Wednesday, April 27, 2011

Gillard boldly reignites Australia's climate debate

by David Hetherington, 18 April 2011

By announcing a tax on CO2 emmissions, Julia Gillard's Australian Labor Party has taken on the fight of its political life

Finally, the battlelines are drawn, and the contours of the political debate in Australia in 2011 are clear. It’s not an overstatement to say that Julia Gillard’s Labor government has embarked on the fight of its political life. The outcome will determine whether Gillard ends up a one-term Prime Minister or a reformist leader in the spirit of Labor heroes Bob Hawke and Paul Keating.

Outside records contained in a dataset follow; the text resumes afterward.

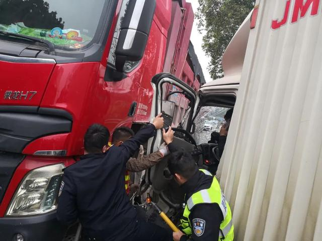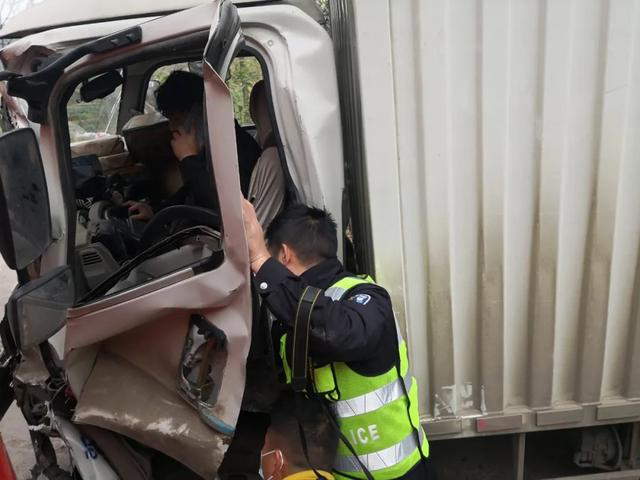 事情发生在陆屋中队辖区的三隆镇供电所转弯路段,一辆桂ARA***号牌厢式货车与一车桂NB1***号牌重型自卸货车会车时发生碰撞。事发后,一名驾驶人被卡在驾驶室里不能动弹。
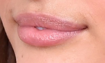 リップは、大人っぽくてきちんとした印象を与えるローズピンク。リップの輪郭はすこし肌になじませるようにしていて、ナチュラルに仕上げている。
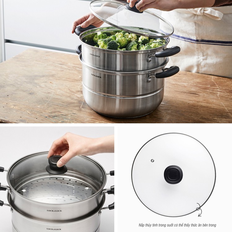 Nồi hấp 2 tầng Inox Lock&Lock size 26 28 cm Gồm 1 nồi+1 xửng hấp +1 vỉ hấp -hàng chính hãng
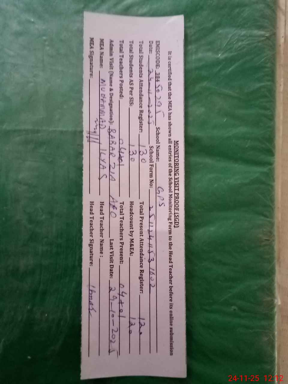 | Attendance Register | Head Teacher | MEA with School | Visit Proof |
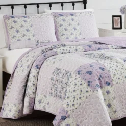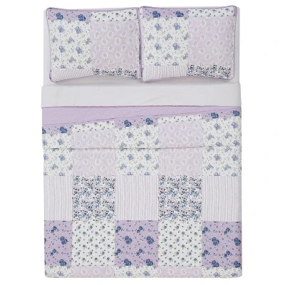 Elissa Patchwork Quilt Set Purple/White – Cannon
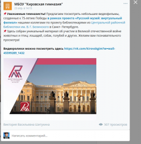 Мы старались привлечь гимназистов ко всем акциям, конкурсам, мастер-классам, организованных Русским музеем и Центром музейной педагогики. А также очень благодарны коллегам из других виртуальных филиалов за созданные мультимедийные ресурсы.
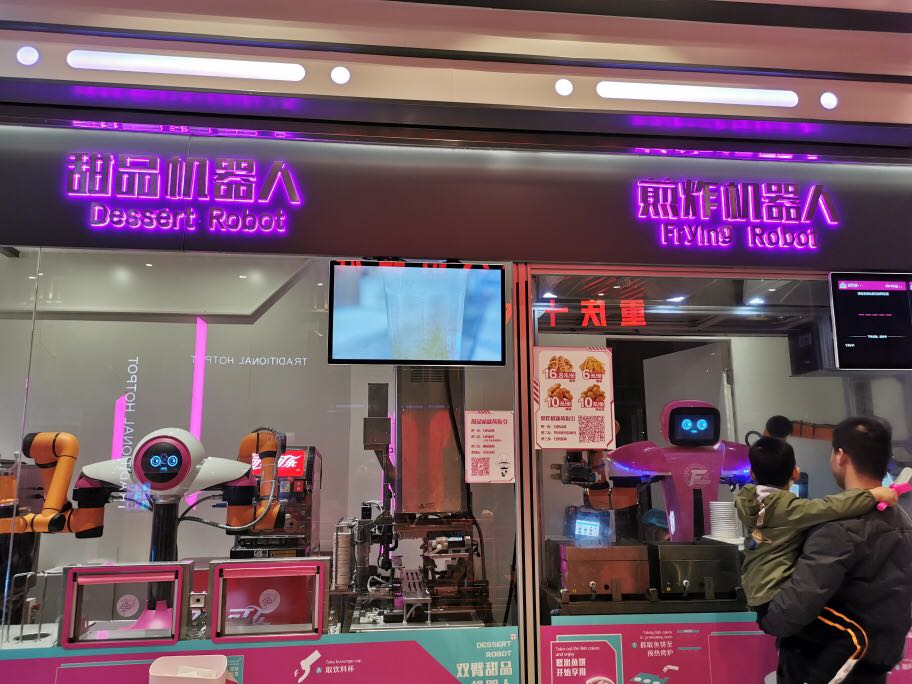 位于珠江新城花城汇的Foodom机器人中餐厅1月12日对外营业。由碧桂园集团的全资子公司千玺机器人餐饮集团自主研发的系列机器人在这里齐齐亮相。据悉,这是全球首个全系统机器人中餐厅。可以看到,由32口炒锅组成的大厨阵容,以透明玻璃墙间隔展现在大家面前,头顶的云轨未来科技感十足,而装饰灯光以及萌萌的甜品机器人、煎炸机器人却是粉色系,科幻钢铁风和粉红少女风融合却达到了奇异的和谐。据悉,整个餐厅目前已投入46台机器人设备作为餐厅运营的核心设备,包括迎宾机器人、双臂煎炸机器人、双臂甜品机器人、双臂汉堡机器人、调酒机器人、双臂煲仔饭机器人、炒锅机器人、云轨系统以及地面送餐机器人。

The battle centres on carbon pricing. Against the wishes of business leaders, the labour movement and a majority of the electorate, the Gillard government has announced that it will place a tax on CO2 emissions from July 2012. This has lit the fuse on the most heated policy debate since the introduction of a consumption tax 12 years ago.

To understand the emotions this proposal has aroused, it’s helpful to reprise Australia’s schizophrenic relationship with emission reduction policy. Australia has vast, high quality reserves of coal which have underpinned the country’s economic development by providing cheap electricity. It is one of the world’s largest coal exporters. The flipside, of course, is that Australia is the world’s largest emitter of CO2 per head.

Given this, emission reduction policies were always going to be contested. Although a healthy minority of the public supported action on climate change, the conservative Prime Minister, John Howard, refused to sign the Kyoto Protocol and for a decade chose not to attempt emissions reduction.

Then the public mood began to shift around Howard. Australia endured its worst drought in a century, which many associated with climate change, and Al Gore’s Inconvenient Truth helped join the dots. The Labor Opposition was promising to act on emissions, and voter support was swinging behind them. In response, Howard committed to introduce an emissions trading scheme (ETS). This meant that both sides of politics went to the 2007 election on a promise to introduce an ETS.